Plant-based or antioxidant-rich diets

Salas-Huetos et al. (2022b) found no association between men’s adherence to a plant-based diet and any clinical ART outcomes, including fertilization, implantation, clinical pregnancy or live birth rates or semen/sperm parameters (Salas-Huetos et al., 2022b) (Table 1). In the cohort of 260 infertile Iranian men, Nouri et al. (2022a) found that greater dietary adherence to the healthful plant-based index (high levels of refined grains, fruits, vegetables, nuts, and vegetable oils) was associated with improved sperm density (T3–T1, P = 0.03), but not other sperm parameters. Adherence to the unhealthful plant-based index (fruit juices, sugar-sweetened beverages, refined grains, potatoes, sweets/desserts, and dairy) was associated with improved sperm motility (T3–T1, P = 0.009) (Nouri et al., 2022a) (Table 1). The Iranian case–control study by Eslamian et al. (2017) (n = 342) reported 51% lower odds of asthenozoospermia (P = 0.004) among men in the highest compared with the lowest tertile of an antioxidant dietary pattern (rich in vitamins E, D and C, zinc, selenium, folate, total fibre, and PUFAs) (Eslamian et al., 2017) (Table 1). Similarly, the Spanish case–control study of 61 men found that those with severe or moderate oligozoospermia (<5 or 5–20 million sperm/ml, respectively) and severe teratozoospermia (<6% normal forms) reported significantly lower consumption of antioxidant nutrients (Mendiola et al., 2010) (Table 1).

Discussion

This scoping review provides the most up to date and comprehensive summary of the literature regarding preconception diet and male fertility, assessed by both clinical outcomes and sperm parameters. The included RCT did not report on clinical outcomes but found that tomato juice may benefit sperm motility. In observational studies, some evidence suggested that increasing fish or reducing sugar-sweetened beverages, processed meat or total fat may improve fecundability. Cereals, soy and dairy showed no associations with clinical outcomes such as pregnancy rates or live birth rates, while there was inconsistent evidence for these outcomes in relation to reducing red meat or consuming a healthy diet pattern. For improving sperm parameters, limited evidence supported increasing fish, fats/fatty acids, carbohydrates and dairy and reducing processed meat, while the evidence for the consumption of fruits, vegetables, cereals, legumes, eggs, red meat, and protein was inconsistent. Healthy diet patterns in general were shown to improve sperm health.
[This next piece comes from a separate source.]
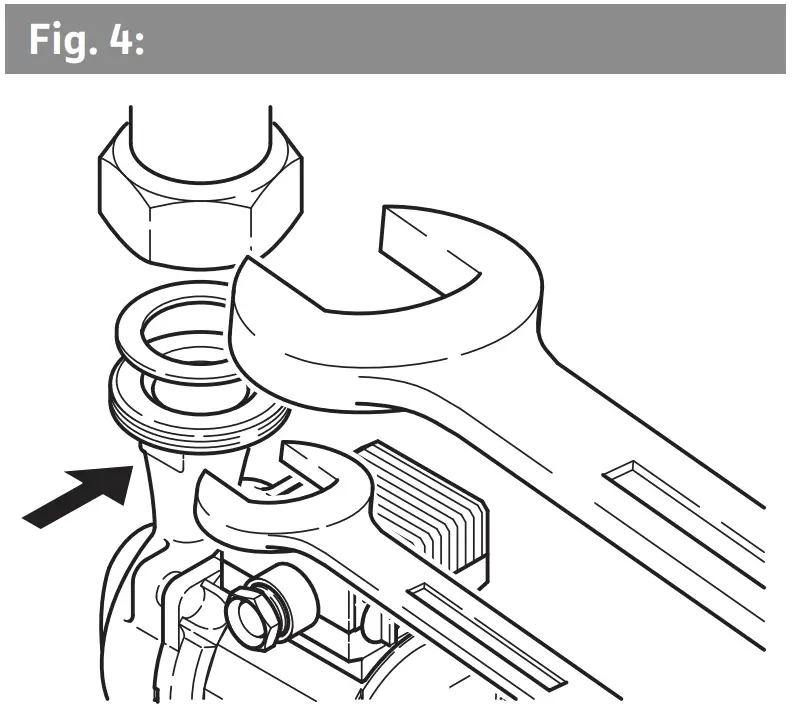 - Use an open-end wrench to secure the pump against twisting (fig. 4).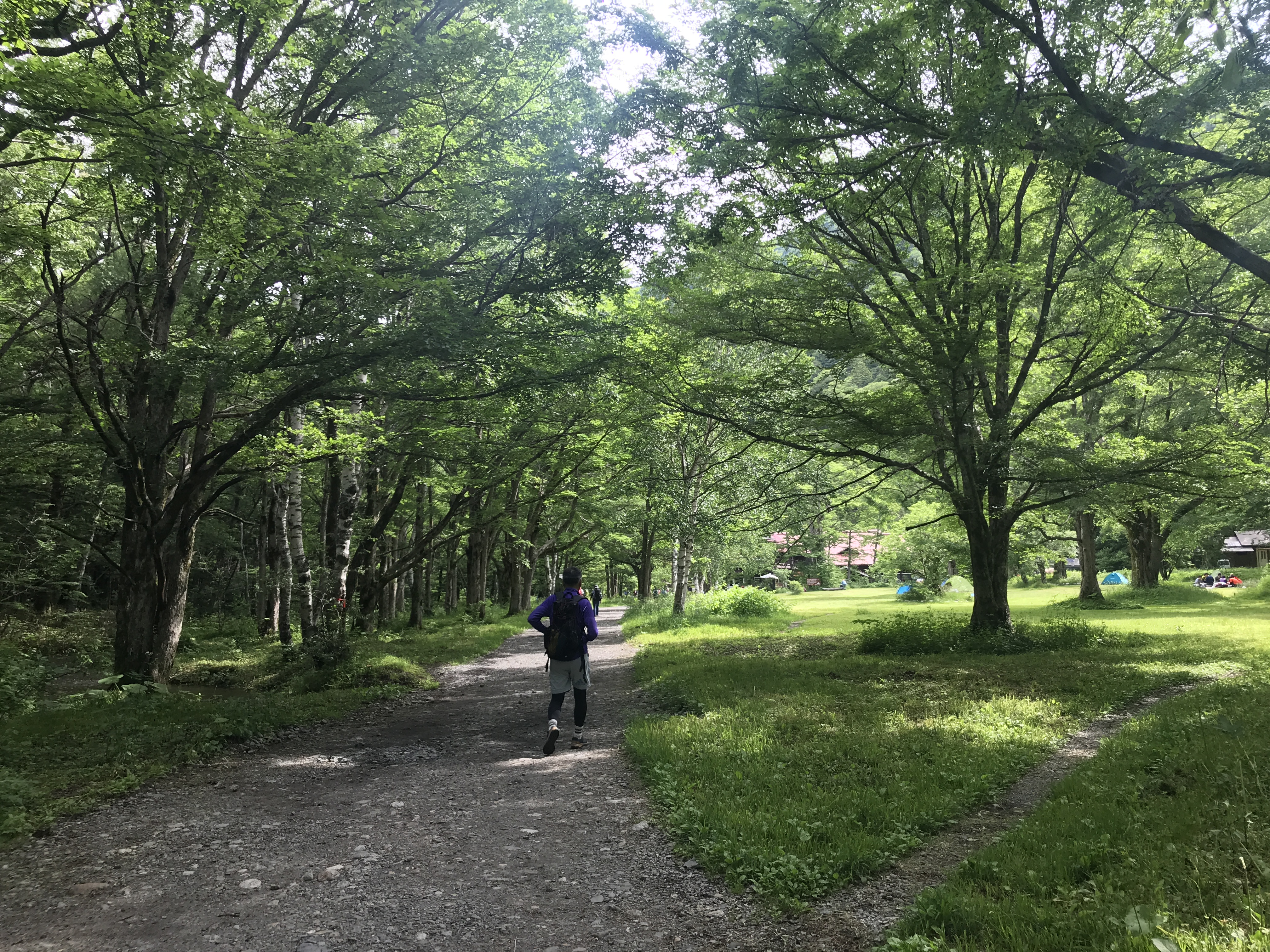 横尾で昼食後、上高地まで11kmの長いフラットなロードを3時間程歩きました。

Although improved sperm quality was demonstrated with holistic a priori (e.g. MedDiet, HEI, and aHEI) and posteriori diet patterns (e.g. DASH), associations with clinical outcomes were seldom reported and thus remain unclear. Before recommendations can be made regarding the impact of healthy diet patterns on fertility, clinical outcomes such as time to pregnancy and live birth need to be consistently assessed. The MedDiet, HEI, and aHEI dietary patterns all typically involve increased intake of core food groups such as fruits, vegetables, nuts, legumes, soy, whole grains, fish or seafood, with limited intake of red or processed meat and trans and saturated fats. Similarly, the DASH diet is rich in vegetables, fruits and whole grains, and includes fat-free or low-fat dairy products, fish, poultry, beans and nuts, while limiting foods that are high in saturated fat, such as fatty meats and full-fat dairy products. Despite consistent associations between these dietary patterns and improved sperm parameters, the precise mechanisms remain unclear. It is proposed that higher consumption of anti-inflammatory and antioxidant-rich nutrients in these dietary patterns leads to reduced low-grade inflammation (Alesi et al., 2022). Oxidative stress resulting from inflammation has increasingly been shown to be deleterious for male fertility (Agarwal et al., 2018). This is because the high concentrations of long-chain PUFAs in the plasma membrane of sperm, together with their reduced antioxidant capabilities owing to cytoplasmic shedding during spermiogenesis, make them highly susceptible to oxidative stress and associated damage (Aitken et al., 2022). Although some studies have shown that high-dose oral antioxidant supplementation can improve male fertility by reducing sperm DNA damage (a consequence of oxidative stress) (Tremellen et al., 2007, 2021; Tunc et al., 2009), recent systematic reviews have concluded that evidence in support of antioxidant use for male subfertility is inadequate (Smits et al., 2019; de Ligny et al., 2022). An increased intake of antioxidant-rich foods in the diet (such as through consumption of healthier dietary patterns) may be ideal to optimize the synergistic effects of other nutrients in food, rather than using single or multi-supplements; however, further studies examining clinical outcomes are needed.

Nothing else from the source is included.